═════ Provided records

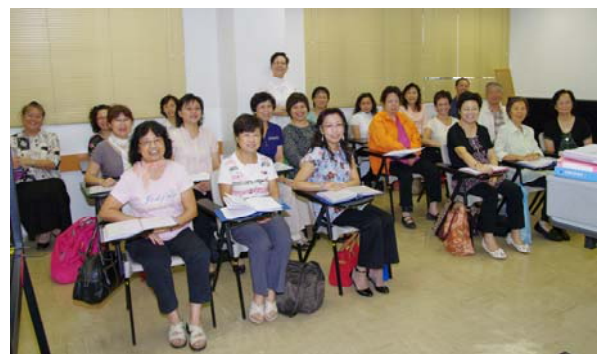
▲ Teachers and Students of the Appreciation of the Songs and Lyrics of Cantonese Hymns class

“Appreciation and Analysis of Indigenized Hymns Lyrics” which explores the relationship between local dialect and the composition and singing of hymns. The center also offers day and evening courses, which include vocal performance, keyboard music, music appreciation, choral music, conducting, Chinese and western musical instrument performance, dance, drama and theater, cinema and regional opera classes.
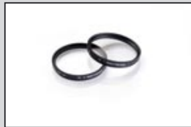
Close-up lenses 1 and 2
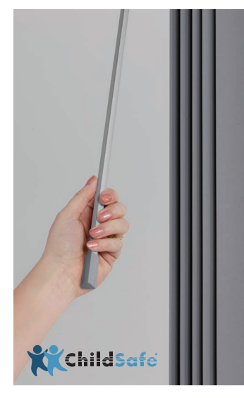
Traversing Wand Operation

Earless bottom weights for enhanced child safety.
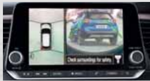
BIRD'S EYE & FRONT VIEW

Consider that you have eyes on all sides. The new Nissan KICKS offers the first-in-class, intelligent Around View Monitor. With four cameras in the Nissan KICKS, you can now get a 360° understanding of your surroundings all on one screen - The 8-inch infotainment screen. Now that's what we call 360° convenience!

══════════

# Problem details:
Please repeat, exactly as written, only the lines from the line with "Traversing Wand Operation" to the end of the data, leaving out every picture.

# Task solution:
Traversing Wand Operation

Earless bottom weights for enhanced child safety.
BIRD'S EYE & FRONT VIEW

Consider that you have eyes on all sides. The new Nissan KICKS offers the first-in-class, intelligent Around View Monitor. With four cameras in the Nissan KICKS, you can now get a 360° understanding of your surroundings all on one screen - The 8-inch infotainment screen. Now that's what we call 360° convenience!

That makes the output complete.